Как же работают часы, в сотый раз спрашивал себя Уго. Зачем нужны три тени-стрелки? Временная система джитсу, наверное, в корне отличается от общепринятой. Никаких часов, никаких минут. Что-то экзотическое. Восемнадцать камней. Восемнадцать делится на девять, на шесть, на три, на два… Впрочем, какая разница? Уго обуздал свой пытливый ум, который воспламенялся от любой загадки. То, что требуется для дела, известно и так: на рассвете сосны должны отбросить тени, которые сойдутся на каком-то одном камне. Кто пробовал несколько часов просидеть на стиральной доске, тот поймет ощущения Уго с Мариусом часа в три пополудни. Чтобы не впасть в столбняк, им пришлось слегка вертеться на ветвях. И произошло неизбежное. Один из джитсу, привлеченный подозрительным шорохом, остановился прямо под ними, посмотрел наверх и встретился глазами с Мариусом. Игра в гляделки продолжалась несколько секунд. Затем джитсу, подпрыгнув, исчез в зарослях чего-то вееролистного и густоцветного.

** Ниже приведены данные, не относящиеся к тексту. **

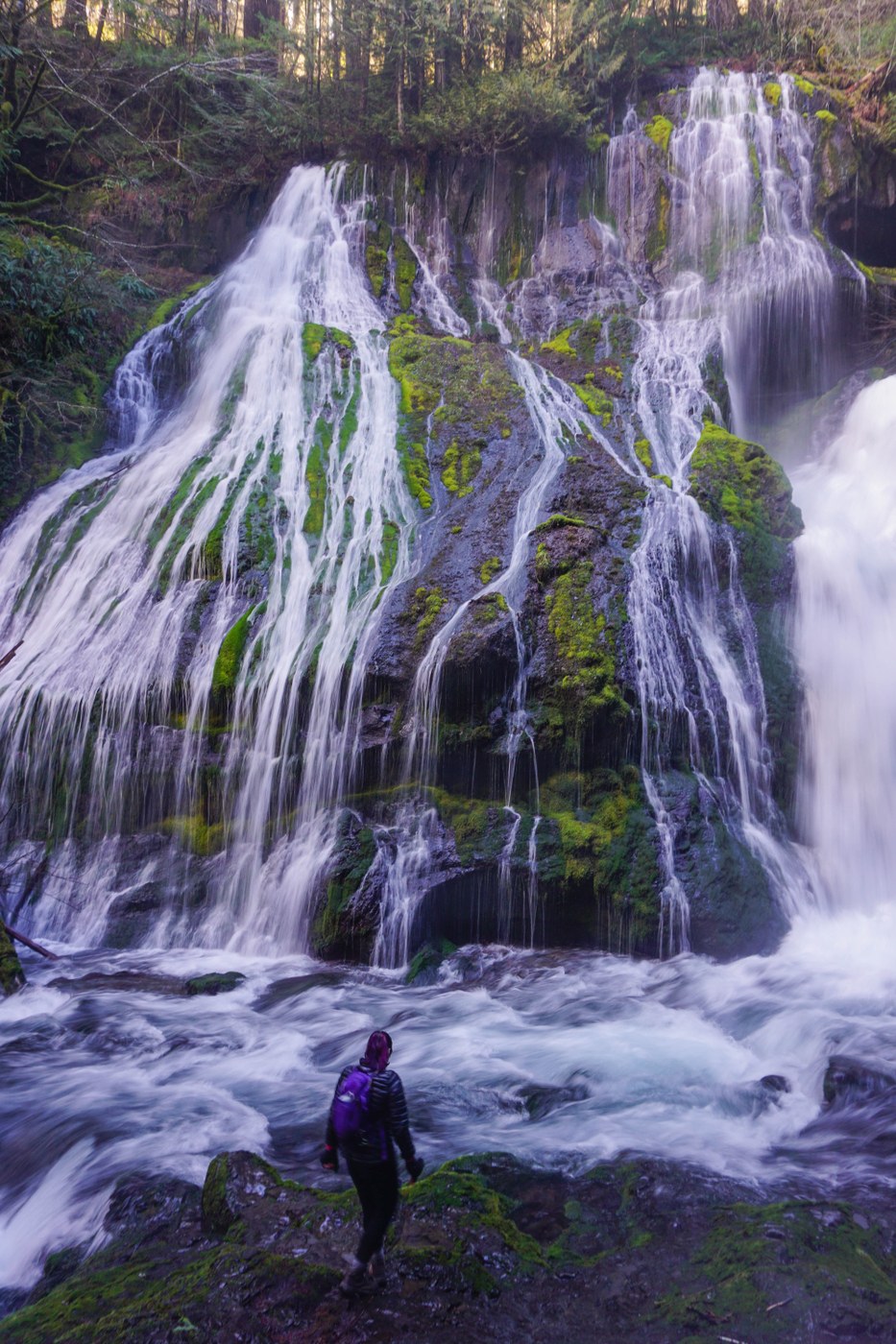 The alternate trail to the base of the falls starts a little further south from the parking area on NF-65 over a hillock (but before the junction with NF-6511). It's steep at some points and there is a little section with a rope attached to help with the scramble but you don't necessarily have to use it. Some slick roots and a few muddy spots, but it's pretty quick and you soon find yourself in a magical fairyland of tumbling rivulets and roaring water!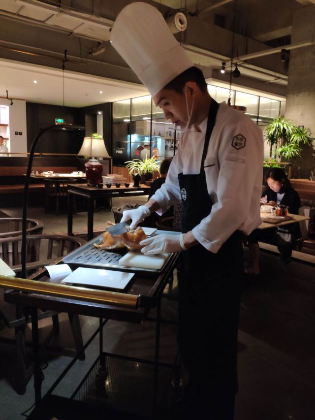 主打创意菜的餐厅,装修和食材都非常精致,集合了多种菜色,服务很到位,每桌都有水果,烤鸭比较走俏,皮脆而不腻,饼皮薄而有韧性,来吃前建议电话预订。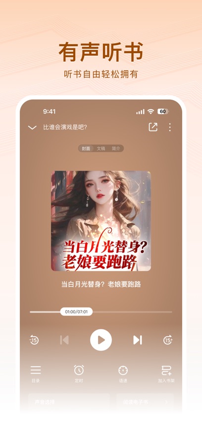 先进的AI智能语音系统提供男女声、多年龄段等多样化音色选择,情感合成技术精准演绎作品中的情绪变化,营造拟真播讲体验。听书设置面板支持语速精细调节、定时关闭和背景播放,场景自适应系统根据通勤、睡前等不同使用场景智能优化听书参数。离线下载功能允许用户缓存音频内容,这些听书功能使用户日均听书时长提升至90分钟,真正实现了阅读场景的全覆盖。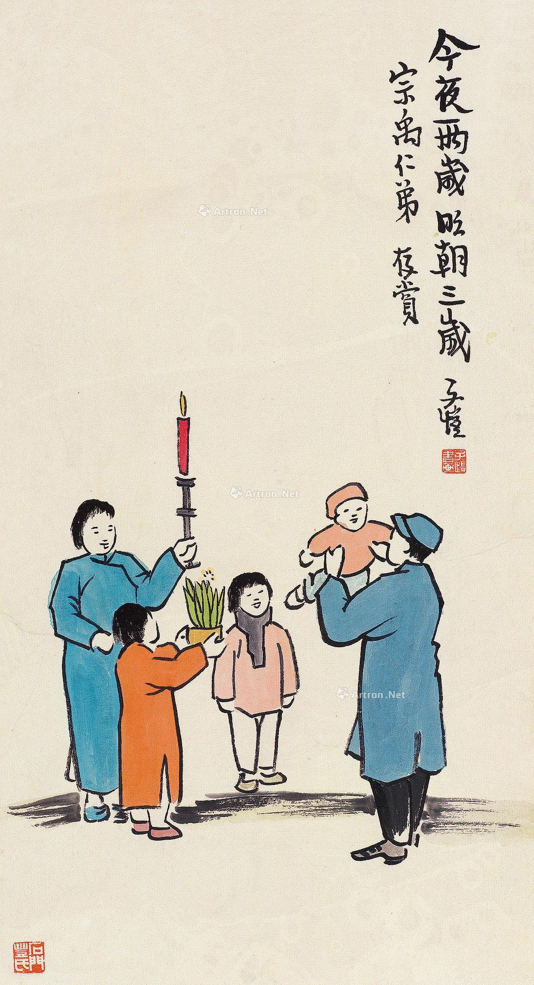 他的画里,年味是浸润在烟火气中的民俗仪式,藏着一代人的集体记忆,先生曾专门创作多幅画作,定格腊月送灶的民俗细节。《送灶》中,寻常农家的灶前暖意氤氲,灶台上整齐摆着一碗香甜的赤豆糯米饭和一盘糖饼,身着长衫的父亲神色恭敬,正躬身向灶君神像膜拜,两个孩童踮着脚尖紧随其后,眼神里满是好奇与虔诚,悄悄打量着灶前的一切。另一幅《灶君上天》与之呼应,画面右侧摆着红绿纸糊的灶轿,轿身点缀着冬青柏子与纸金元宝,轿旁孩童手里攥着细小的香火,仿佛在目送灶君启程,藏着“粘住灶君嘴,不让说坏话”的小心思。先生用细腻的笔触,将每一幅画的民俗细节具象化,没有华丽的辞藻,却通过一碗糯米饭、一顶纸灶轿、一串小动作,把旧时光里的年俗烟火,刻画得淋漓尽致。就像他在《送灶》画作题字那般,“二十三这一天,家家烧赤豆糯米饭”,这份烟火气,正是年味的底色,是家人团圆的温暖,是岁月安然的慰藉。

— Засыпались! — тихо констатировал Уго. — Надо сматывать удочки. Но тут же под дерево набежала целая толпа туземцев, одетых с редким единодушием: все — в импровизированных комбинезонах жидко-коричневого цвета. Все — с длинными черными волосами. Все, прах их возьми, с огромными крючковатыми носами. И все поголовно — ростом с отсутствующего Расмуса.

Чем-чем, а красноречием джитсу не страдали. Народ безмолствовал. И с обезоруживающим нахальством изучал пришельцев, которые стыдливо прятались за листвой, как юная купальщица, входящая на заре в лаковые волны моря Изабеллы (картина Урго Скани "Девушка и солнце"). Чуть погодя часть наблюдателей удалилась, но вскоре вернулась, да не с пустыми руками! Изумленные Уго и Мариус увидели в грязных лапах джитсу разнообразнейшую снедь. Свалив пищу у дерева живописной кучей, чалдоны отхлынули и сосредоточились на противоположной стороне поляны, распугав по дороге компанию бурундуков, совершенно не свойственных экваториальному климату.

— Чего это они? — недоуменно спросил Мариус.

— Выманить нас хотят, что ли? — неуверенно предположил Уго. — Какой смысл? Эти молодцы и так нас могут взять голыми руками. Нет, сдается мне, дело тут в другом. Давай так: я попробую спуститься, а ты покуда сиди.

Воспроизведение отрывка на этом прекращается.